Margaret Miller Curtis, born in Marianna, Florida in 1935, earned a bachelor's degree in education from Florida State University and taught elementary school in Florida and Ohio. In 1973 she moved to Georgia and became active in the Women's Movement, expressing her Christian faith in her activism for women's rights. During the 1970's and 1980's she functioned as a writer, lobbyist, and fund-raiser for a number of organizations: She has been chair of the Speaker's Bureau for ERA Georgia, Inc. (1979-1980), president of People of Faith for the ERA in Georgia (1980-1982), and on the board of directors for the Council on Battered Women (1975, 1986-88). She has also traveled and spoken extensively at religious and community meetings throughout Georgia, advocating for the ratification of the ERA. Curtis ""specialized"" in newspaper publicity and letter writing and has had over 500 of her letters to the editor published, in addition to those she authored for others. Many of these letters, which she continues to write, address the ERA and other women's issues.

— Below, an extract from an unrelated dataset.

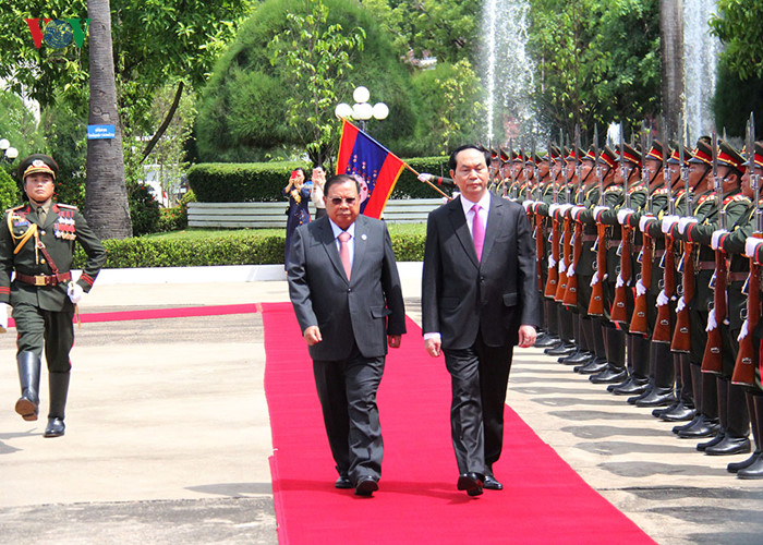 ເພື່ອນ ແປງ ແກ້ວມະນີ ທີ່ຮັກແພງ ! ການຢ້ຽມຢາມທາງລັດຖະກິດເຖິງ ລາວ ຂອງທ່ານປະທານປະເທດ ເຈີ່ນດ້າຍກວາງ ໃນລະຫວ່າງວັນທີ 12-14/6 ໄດ້ປະສົບຜົນສຳເລັດຢ່າງຈົບງາມ. ພາຍຫລັງພິທີຕ້ອນຮັບທີ່ໄດ້ຮັບການຈັດຂື້ນຢ່າງສົມກຽດ, ທ່ານປະທານປະເທດ ເຈີ່ນດ້າຍກວາງ ໄດ້ມີການເຈລະຈາກັບທ່ານເລຂາທິການໃຫຍ່ ປະທານປະເທດ ລາວ ບຸນຍັງ ວໍລະຈິດ. ຫລັງຈາກນັ້ນ ທ່ານປະທານປະເທດ ເຈີ່ນດ້າຍກວາງ ກໍ່ມີບັນດາການພົບປະເຈລະຈາກັບທ່ານນາຍົກລັດຖະມົນຕີ ລາວ ທອງລຸນ ສີສຸລິດ, ທ່ານນາງປະທານສະພາແຫ່ງຊາດ ປານີ ຢາທໍ່ຕູ້ ແລະ ຢ້ຽມຢາມຖາມຂ່າວອະດີດການນຳຂັ້ນສູງຂອງ ລາວ ບາງທ່ານ, ແລະມີການໂອ້ລົມກັບພະນັກງານ, ພາລະກອນສະຖານທູດ ຫວຽດນາມ ແລະ ຜູ້ຕາງໜ້າປະຊາຄົມຊາວ ຫວຽດນາມ ທີ່ພວມຮ່ຳຮຽນ, ທຳມາຫາກິນ, ດຳລົງຊີວິດຢູ່ ລາວ. ທີ່ບັນດາການພົບປະເຈລະຈາ, 2 ຝ່າຍໄດ້ແຈ້ງໃຫ້ກັນຊາບກ່ຽວກັບສະພາບການພົ້ນເດັ່ນຂອງແຕ່ລະພັກ, ແຕ່ລະປະເທດ; ແລກປ່ຽນບັນດາແຜນນະໂຍບາຍ, ມາດຕະການ ເພື່ອແນໃສ່ສືບຕໍ່ນຳການພົວພັນມິດຕະພາບທີ່ເປັນມູນເຊື້ອ, ຄວາມສາມັກຄີແບບພິເສດ ແລະ ການຮ່ວມມືຮອບດ້ານ ຫວຽດນາມ - ລາວ ໃຫ້ພັດທະນາຢ່າງເລິກເຊິ່ງກ້ວາງຂວາງ, ມີປະສິດທິຜົນ; ພິເສດ, 2 ຝ່າຍຢືນຢັນຈະສົບທົບກັນຢ່າງແໜ້ນແຟ້ນ ເພື່ອແນໃສ່ປັບປຸງຄວາມສາມັກຄີ ອາຊຽນ, ຍົກສູງບົດບາດເປັນໃຈກາງຂອງ ອາຊຽນ ໃນໂຄງປະກອບຄວາມໝັ້ນຄົງຂອງພາກພື້ນ; ເນັ້ນໜັກເຖິງຄວາມສຳຄັນຂອງການຮັກສາສັນຕິພາບ, ສະຖຽນລະພາບ, ຄວາມສະຫງົບປອດໄພຢູ່ທະເລຕາເວັນອອກ; ເຫັນດີເປັນເອກະພາບພ້ອມກັບບັນດາປະເທດ ອາຊຽນ ຊຸກຍູ້ການແກ້ໄຂຄວາມຂັດແຍ້ງກັນຢູ່ທະເລຕາເວັນອອກ ດວ້ຍມາດຕະການສັນຕິພາບ, ບົນພື້ນຖານເຄົາລົບກົດໝາຍສາກົນ; ພ້ອມກັບ ຝ່າຍຕ່າງໆ ປະຕິບັດຖະແຫຼງການກ່ຽວກັບການປະພຶດຂອງບັນດາຝ່າຍຢູ່ທະເລຕາເວັນອອກ (DOC) ຢ່າງຄົບຖ້ວນ ແລະ ມີປະສິດທິຜົນ ແລະ ບັນລຸໄດ້ຫຼັກການກ່ຽວກັບການປະພຶດຂອງຝ່າຍຕ່າງໆຢູ່ທະເລຕາເວັນອອກ (COC) ໂດຍໄວ ເພື່ອແນໃສ່ຮັກສາສັນຕິພາບ, ສະຖຽນລະພາບ, ການຮ່ວມມື ແລະ ພັດທະນາຢູ່ພາກພື້ນ ແລະ ໃນໂລກ. 2 ຝ່າຍເຫັນດີເປັນເອກະພາບ ສືບຕໍ່ເພີ່ມທະວີສົມທົບກັນຢ່າງແໜ້ນແຟ້ນ ແລະ ສົມທົບກັບບັນດາປະເທດ, ອົງການຈັດຕັ້ງສາກົນຕ່າງໆໃນການຄຸ້ມຄອງ, ນຳໃຊ້ແຫຼ່ງນ້ຳແມ່ນ້ຳຂອງແບບຍືນຍົງ ແລະ ມີປະສິດທິຜົນ.

Her cartoons and creative writings, some of which have also been published, reflect her activism and interest in these issues.
Abstract of the full interview
Curtis describes her childhood in Florida and ascribes her strong feminist activism to her mother, whom she characterizes as a woman, ""who had a hard life, but she's always conquered every obstacle."" Curtis won the Lewis (teaching) scholarship and went to college at Florida State University, where she became involved with the campus newspaper and her features won a national prize. Curtis recalls moving to Georgia in 1973, and becoming involved with the Women's Movement by writing letters to newspapers about the ERA. She describes the women's issues that most concerned her, including domestic violence, economic autonomy, and discrimination. Curtis was involved in a number of organizations, including the Council on Battered Women, the League of Women Voters, the AAUW [American Association of University Women], and she was the President of the People of Faith for the ERA in Georgia. She describes her affiliation with these and other organizations in detail. She also describes how she felt about some of the major leaders of the Women's Movement in Georgia and the accomplishments of the Movement.